◆ **Problem to solve**
Reproduce exactly the lines below, from the first one through the line containing "So, unlike coaching, counseling", and omit any pictures.

____

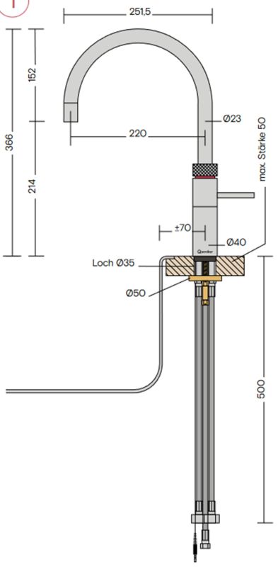 Nein, das gekühlte sprudelnde und stille Wasser kommt aus demselben Hahn wie das kochende Wasser. So sparen Sie Platz auf Ihrer Arbeitsplatte und müssen kein zusätzliches Loch bohren.
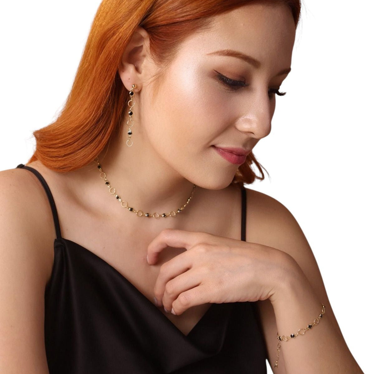 - Sophisticated Contrast - Black CZ stones against warm gold create versatile, chic style
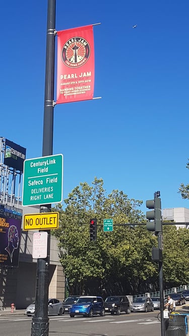 Mesmo com toda essa dimensão, para mim, estar ali era sentir a cidade pulsando com uma parte da minha própria trilha sonora. Ver anúncios do evento no aeroporto, nas estações de metrô, nos ônibus e nos muros de Seattle era ver que a cidade inteira estava respirando Pearl Jam — e como a música consegue ter um papel importante e grandioso quando abraça causas sociais.
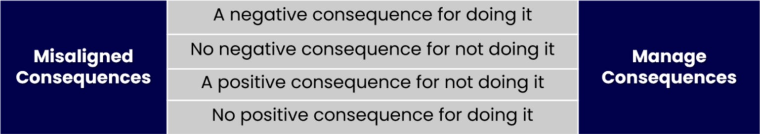 So, unlike coaching, counseling may span multiple meetings in the Engage step before moving forward or getting through the remaining steps. In some cases, you may need to adjust and manage consequences to ultimately change behavior.
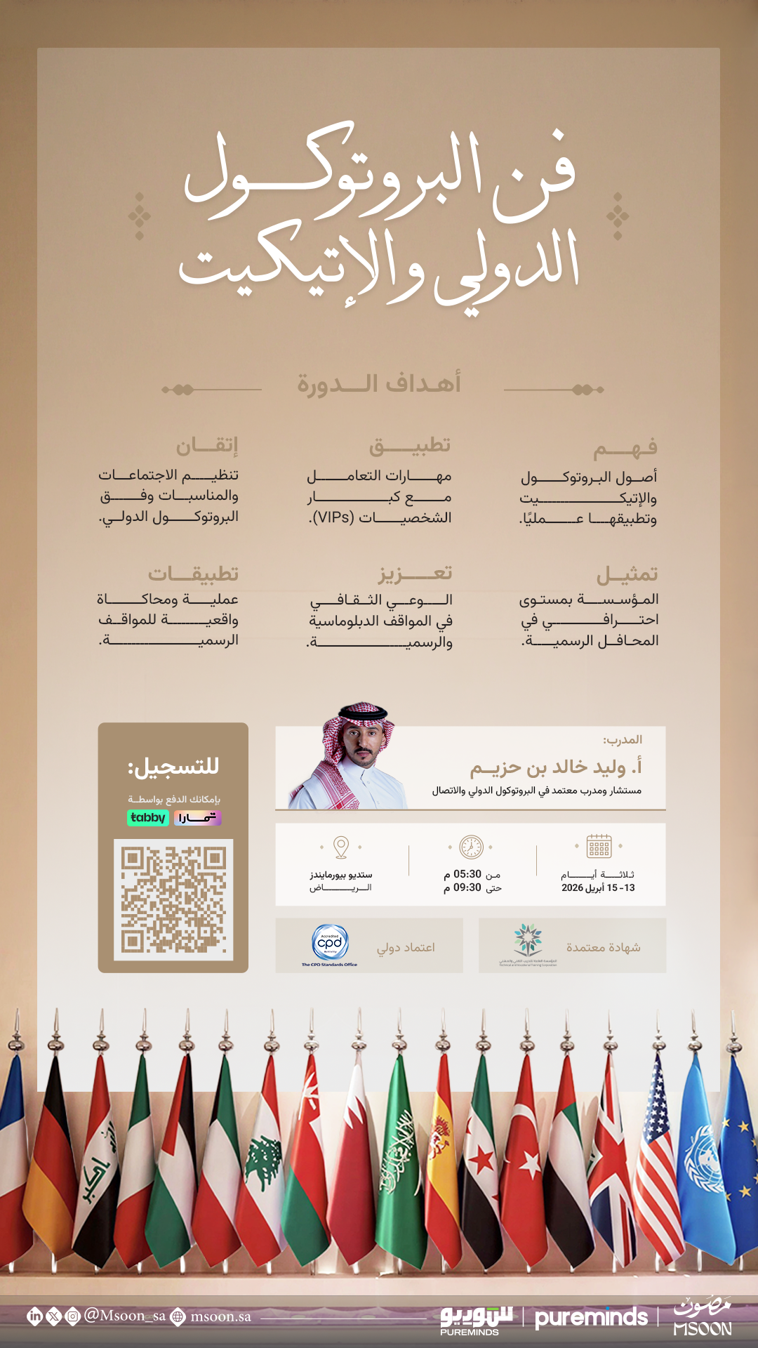 Course Overview An immersive program designed to equip participants with the knowledge and skillset to master international protocol and etiquette in diverse formal settings. It emphasizes VIP engagement, high-level meeting organization, and ceremonial conduct that bridges cultures with precision and grace.
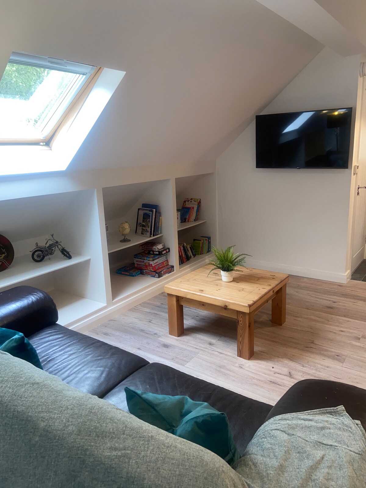 The Loft apartment is furnished to an extremely high standard and is situated above our double garage with a private entrance via an external concrete staircase. Open plan living with an elevated king size bed and pull out child bed (170cm). Fully functional kitchen with gas hob and dining space. Luxurious bathroom with towels and toiletries included. Outside the loft there is a patio space with wood burning hot tub solely for Loft guests to enjoy.

____

◆ **Reply**
 Nein, das gekühlte sprudelnde und stille Wasser kommt aus demselben Hahn wie das kochende Wasser. So sparen Sie Platz auf Ihrer Arbeitsplatte und müssen kein zusätzliches Loch bohren.
 - Sophisticated Contrast - Black CZ stones against warm gold create versatile, chic style
 Mesmo com toda essa dimensão, para mim, estar ali era sentir a cidade pulsando com uma parte da minha própria trilha sonora. Ver anúncios do evento no aeroporto, nas estações de metrô, nos ônibus e nos muros de Seattle era ver que a cidade inteira estava respirando Pearl Jam — e como a música consegue ter um papel importante e grandioso quando abraça causas sociais.
 So, unlike coaching, counseling may span multiple meetings in the Engage step before moving forward or getting through the remaining steps. In some cases, you may need to adjust and manage consequences to ultimately change behavior.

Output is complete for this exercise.